Simulating the Outer Solar System

Data

The chosen units are masses relative to the sun, meaning the sun has mass $1$. We have taken $m_0 = 1.00000597682$ to take account of the inner planets. Distances are in astronomical units, times in earth days, and the gravitational constant is thus $G = 2.95912208286 \cdot 10^{-4}$.

The data is taken from the book “Geometric Numerical Integration” by E. Hairer, C. Lubich and G. Wanner.

using Plots, OrdinaryDiffEq, ModelingToolkit
gr()

G = 2.95912208286e-4
M = [
    1.00000597682,
    0.000954786104043,
    0.000285583733151,
    0.0000437273164546,
    0.0000517759138449,
    1 / 1.3e8
]
planets = ["Sun", "Jupiter", "Saturn", "Uranus", "Neptune", "Pluto"]

pos = [0.0 -3.5023653 9.0755314 8.310142 11.4707666 -15.5387357
       0.0 -3.8169847 -3.0458353 -16.2901086 -25.7294829 -25.2225594
       0.0 -1.5507963 -1.6483708 -7.2521278 -10.8169456 -3.1902382]
vel = [0.0 0.00565429 0.00168318 0.00354178 0.0028893 0.00276725
       0.0 -0.0041249 0.00483525 0.00137102 0.00114527 -0.00170702
       0.0 -0.00190589 0.00192462 0.00055029 0.00039677 -0.00136504]
tspan = (0.0, 200_000.0)

(0.0, 200000.0)

The N-body problem's Hamiltonian is

\[H(p,q) = \frac{1}{2}\sum_{i=0}^{N}\frac{p_{i}^{T}p_{i}}{m_{i}} - G\sum_{i=1}^{N}\sum_{j=0}^{i-1}\frac{m_{i}m_{j}}{\left\lVert q_{i}-q_{j} \right\rVert}\]
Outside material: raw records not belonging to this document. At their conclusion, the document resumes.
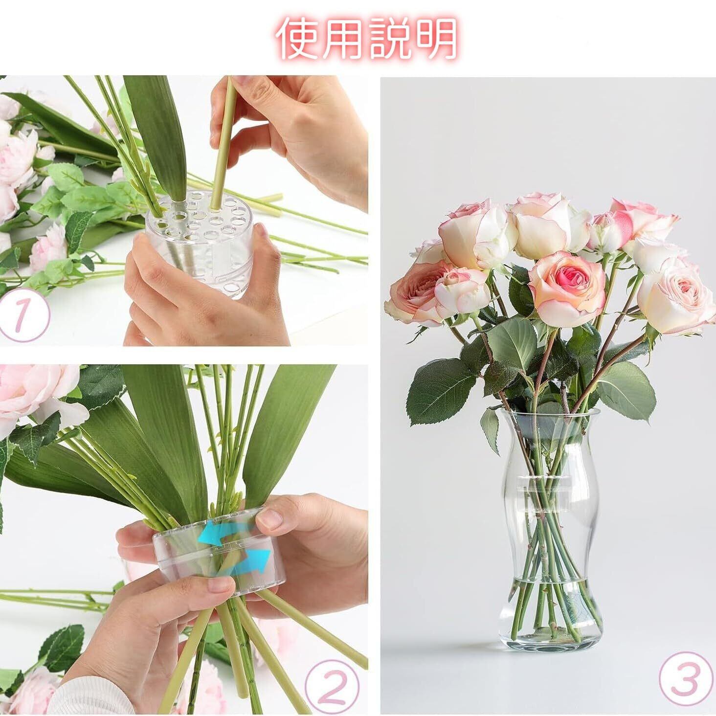 【使用方法】: 花の茎を剣山の穴に挿入し、穴ごとに1本ずつ挿入してから、花束を花瓶に入れるだけでいいです。
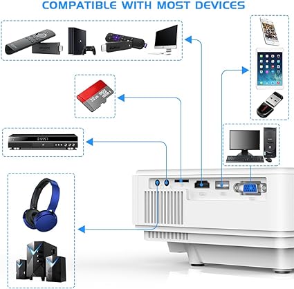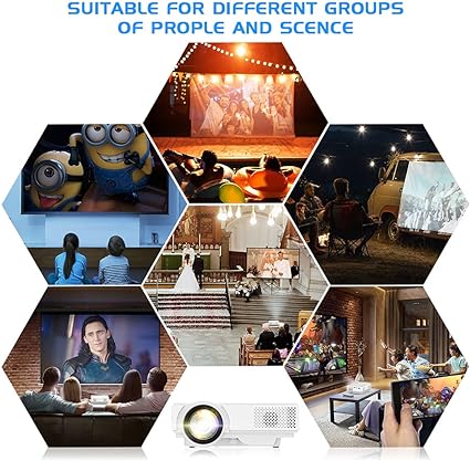[Convenient WiFi Connection] Connecting deivces with our wifi projector through wifi. We have TWO things to make it friendly user: (1) Updated the wifi connection steps, make it easier and more stable; (2) Updated the wifi connection speed, you can connect the wifi more quickly. So own our wifi projector, you can enjoy it anytime anywhere, it makes your life easier and happier. [Three Added Bonus Better than others] (1) Higher Brightness: Our upgraded brightness is higher than others. It is much brighter than most mini projectors. (2) Better Native Resolution: our wifi mini projector's native resolution is 1280 x 720P, with 1920x1080P supported, better than 90% mini projectors which are native 480P. (3) Add Bluetooth: It is a mini projector with wifi and bluetooth, you can hook up external speakers via bluetooth, the sound is greatly enhanced and sounded theater quality. [Meet Your Home Needs] Watch movies, take online classes, or keep the kids entertained with hours of cartoons and educational videos [ideal for use in low-light environments]. It's the innovation of traditional projector, built-in stereo speakers, adjust keystone and focus to get 32’’ 176’’ projection size with 1.5m-5m projection distance, bring excellent spectating experience. Perfect projector for outdoor movies and movie projector for indoor use. [Wide Compatibility and Application] Equipped with HDMI, VGA, AV, USB interfaces, the projector is compatible with TV Box, TV Stick, PCs, Laptops, Tablets, USB Flash Drive, players. It’s supposed to apply many environment—Home Theater, Video Game, Party, Outdoor activities. You can use it for small meeting in dark room, but it is not a professional office projector for PPT or text. As the copyright, some videos (such as Netflix) can't be played via phone connection (wifi or usb).
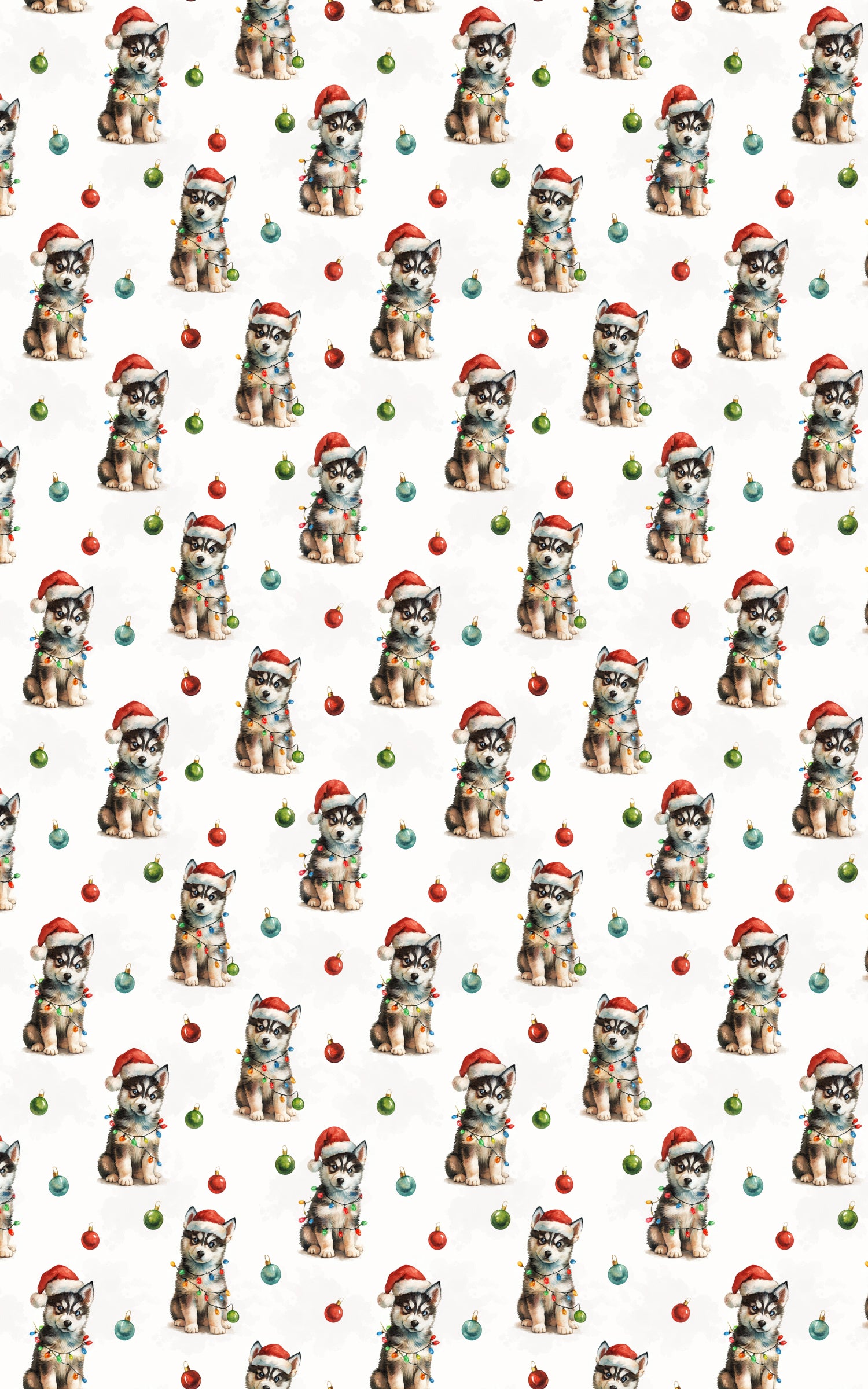 Celebrate the magic of the season with this heartwarming wrapping paper featuring playful Husky pups decked out in Santa hats and twinkling Christmas lights. Illustrated in watercolor and set against a crisp white background, this seamless pattern captures the cozy charm of winter festivities. Perfectly spaced for an elegant finish, it’s ideal for wrapping gifts, crafting holiday décor, or bringing a cheerful sparkle to your celebrations.
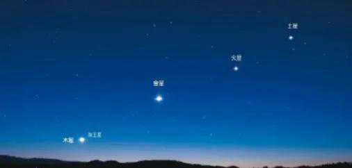 届时,这四颗行星会按照从左到右,从低到高的顺序,在一个比较狭窄的视野内连成一条直线。
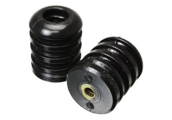Energy Suspension® performance bump stops help cushion a collapsing suspension, preventing bottoming-out and expensive vehicle damage. Hyper-Flex™ performance polyurethane bump stops for control arms, traction bars, leaf springs, etc. are guaranteed to last longer and operate more efficiently than original rubber stops.The smaller, general purpose bullet shaped snubber is ideal for control arms. The low profile button head is for use when clearance is limited. Our large competition race style bump stops smooth out compression better and have a large reinforced metal plate welded to the mounting plate and molded-in. Each style is specially designed for a perfect and custom fit and each style has it's own durometer, hardness, characteristics. Energy's wide selection of bump stops are available in red or black color.
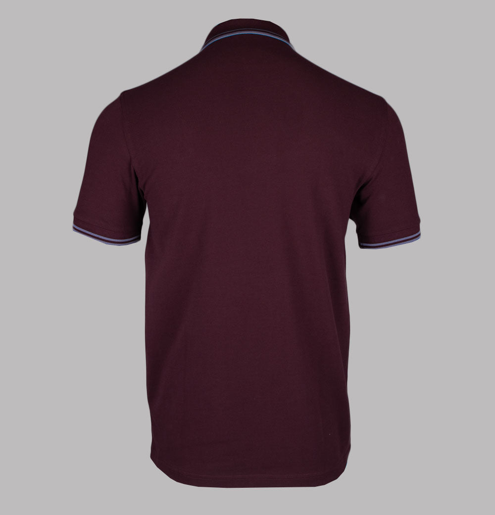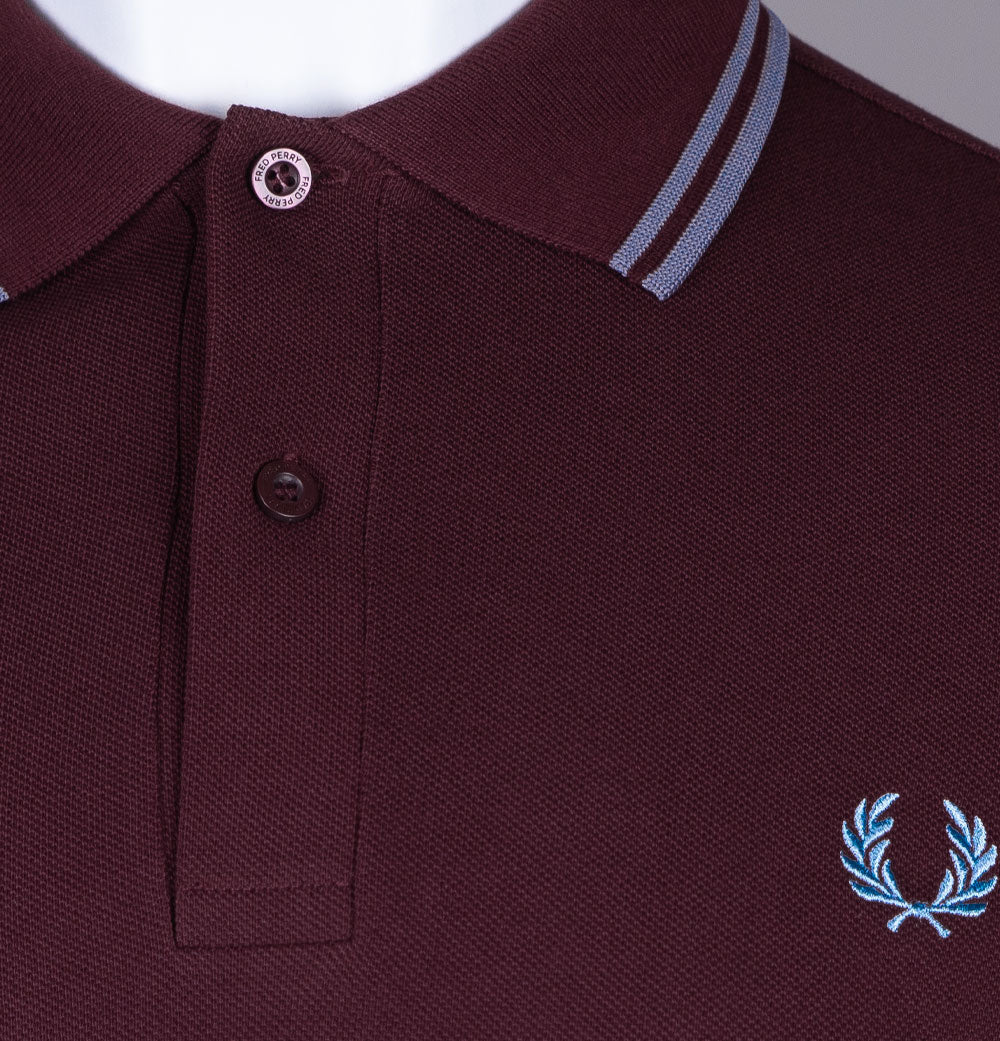Fred Perry M3600 twin tipped short sleeve polo shirt in Oxblood/Stockport Blue. Premium cotton pique fabric. Ribbed collar and sleeve cuffs with twin tipped detail. Two button placket with Fred Perry branded buttons. Embroidered Laurel Wreath. Regular fit. 100% cotton.
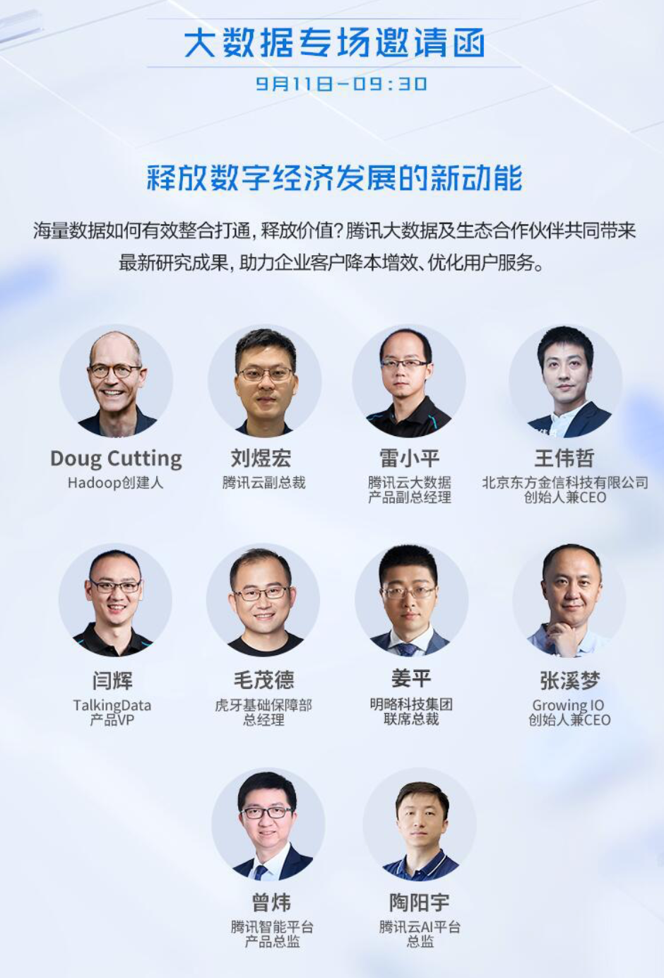9月11日(本周五),腾讯多支顶尖大数据团队携手打造「大数据专场」,邀请 Hadoop 之父 Doug Cutting 等多位行业大咖、生态合作伙伴,共论大数据发展的前沿趋势,并聚焦探讨泛互联网、营销、政务等多个领域的最佳实践,释放数字经济发展的新动能。
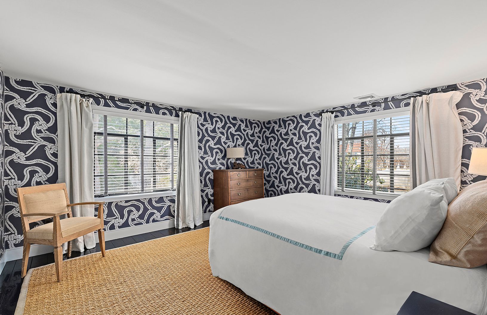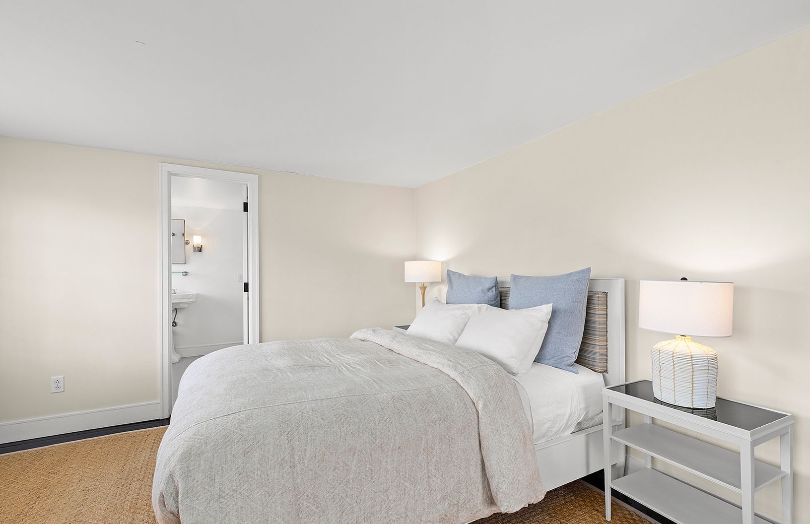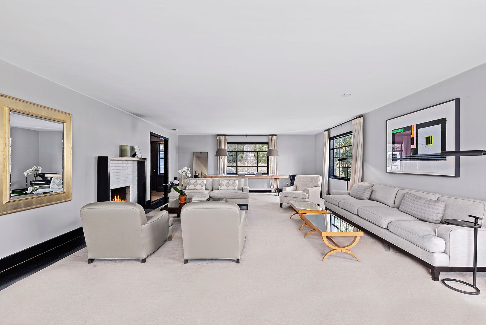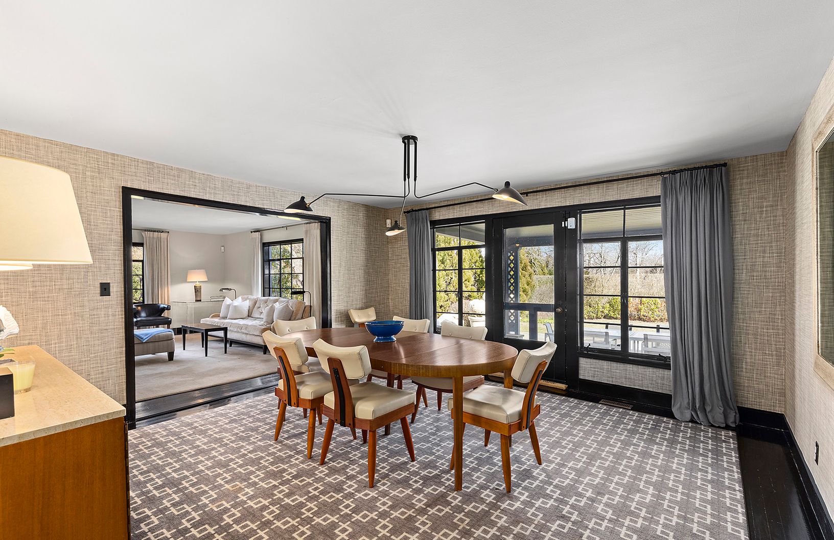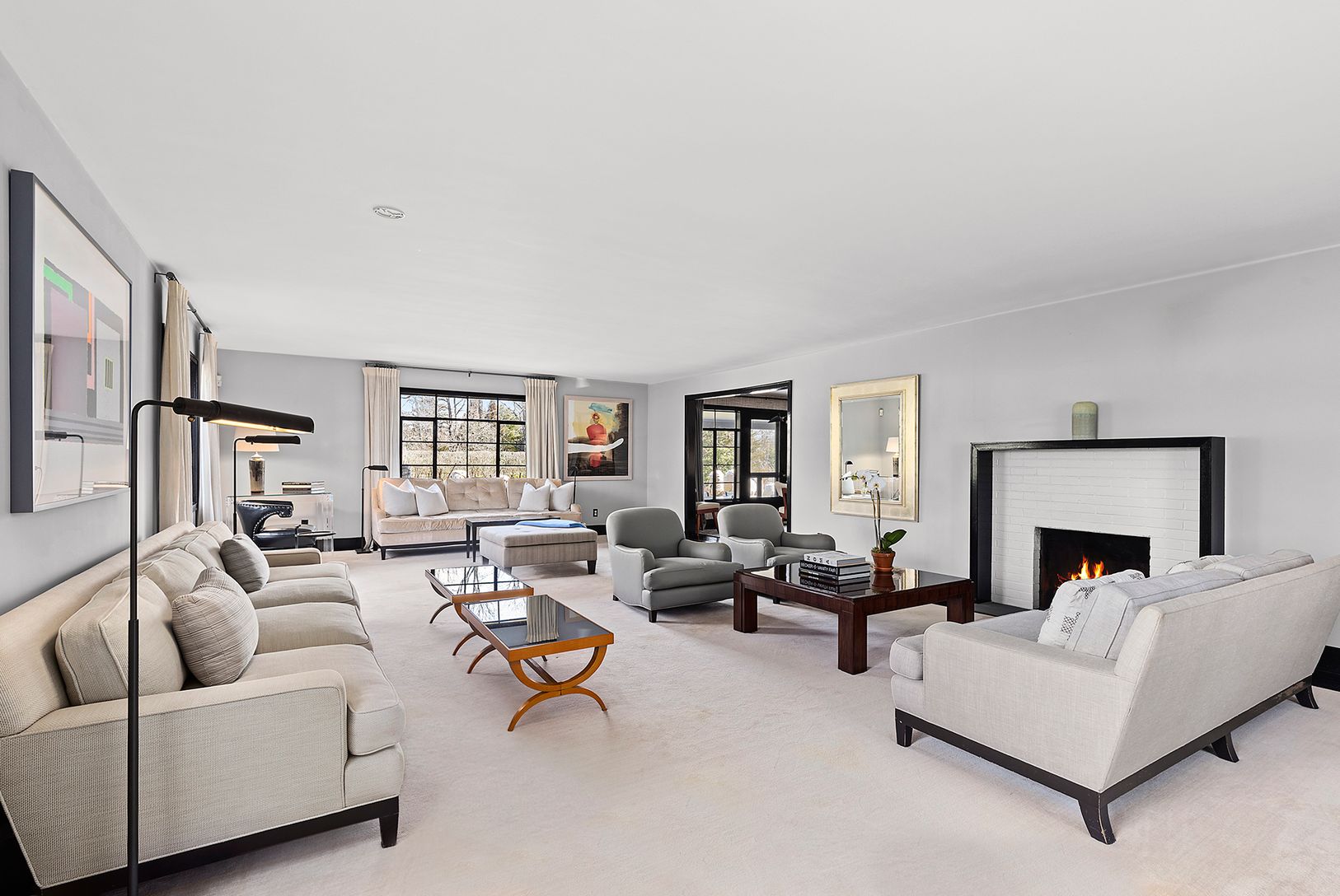 Hidden behind tall hedges and trees, this warm and inviting one-plus acre south of the highway house opens to a covered patio overlooking the lush landscaping and rolling lawns. This private and tranquil setting offers 5 bedrooms and 4.5 baths. A small bedroom, bath and powder room are on the first floor. The second floor has a primary bedroom ensuite with a private study & terrace. There is also a guest bedroom ensuite with a sitting are
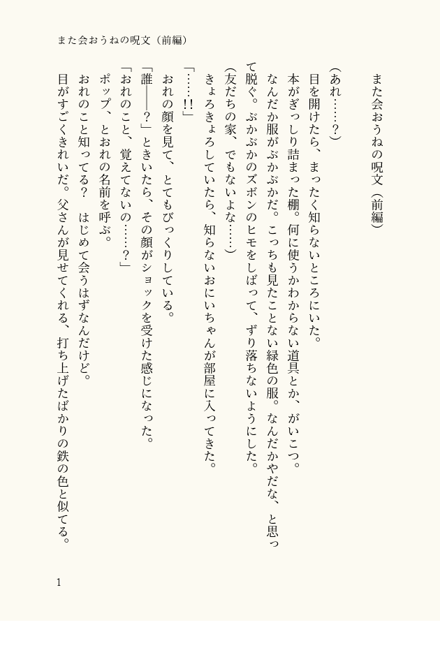 【タイトル】また会おうねの呪文(前編)

Here, we want to solve for the motion of the five outer planets relative to the sun, namely, Jupiter, Saturn, Uranus, Neptune, and Pluto.

const ∑ = sum
const N = 6
@variables t u(t)[1:3, 1:N]
u = collect(u)
D = Differential(t)
potential = -G *
            ∑(
    i -> ∑(j -> (M[i] * M[j]) / √(∑(k -> (u[k, i] - u[k, j])^2, 1:3)), 1:(i - 1)),
    2:N)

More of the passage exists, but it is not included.